(Record set Opens)
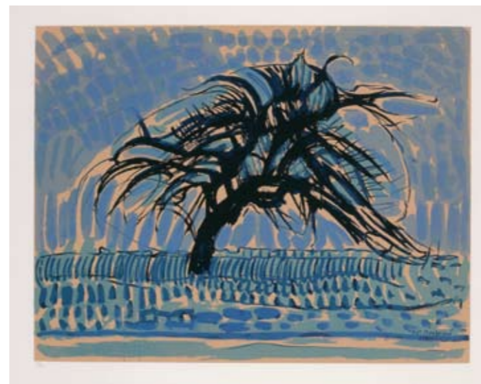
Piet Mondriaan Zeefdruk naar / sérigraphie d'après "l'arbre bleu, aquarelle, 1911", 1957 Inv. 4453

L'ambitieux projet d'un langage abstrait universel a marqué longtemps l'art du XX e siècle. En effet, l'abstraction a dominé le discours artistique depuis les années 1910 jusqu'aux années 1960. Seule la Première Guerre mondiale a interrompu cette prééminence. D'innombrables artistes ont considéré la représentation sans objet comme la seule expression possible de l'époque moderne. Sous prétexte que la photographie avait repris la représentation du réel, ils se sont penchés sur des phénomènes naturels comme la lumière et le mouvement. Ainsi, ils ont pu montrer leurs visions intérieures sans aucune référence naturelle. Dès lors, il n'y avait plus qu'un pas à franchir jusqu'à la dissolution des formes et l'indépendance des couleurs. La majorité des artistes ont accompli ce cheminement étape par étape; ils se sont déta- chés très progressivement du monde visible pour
(Record set Closes)
(Record set Opens)
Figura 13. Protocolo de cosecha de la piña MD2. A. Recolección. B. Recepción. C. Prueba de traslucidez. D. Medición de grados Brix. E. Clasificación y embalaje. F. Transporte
(Record set Closes)
Requirement
Print, without alteration, only the lines above between the one holding "Piet Mondriaan Zeefdruk" and the one holding "L'ambitieux projet d'un", inclusive.

Written response
Piet Mondriaan Zeefdruk naar / sérigraphie d'après "l'arbre bleu, aquarelle, 1911", 1957 Inv. 4453

L'ambitieux projet d'un langage abstrait universel a marqué longtemps l'art du XX e siècle. En effet, l'abstraction a dominé le discours artistique depuis les années 1910 jusqu'aux années 1960. Seule la Première Guerre mondiale a interrompu cette prééminence. D'innombrables artistes ont considéré la représentation sans objet comme la seule expression possible de l'époque moderne. Sous prétexte que la photographie avait repris la représentation du réel, ils se sont penchés sur des phénomènes naturels comme la lumière et le mouvement. Ainsi, ils ont pu montrer leurs visions intérieures sans aucune référence naturelle. Dès lors, il n'y avait plus qu'un pas à franchir jusqu'à la dissolution des formes et l'indépendance des couleurs. La majorité des artistes ont accompli ce cheminement étape par étape; ils se sont déta- chés très progressivement du monde visible pour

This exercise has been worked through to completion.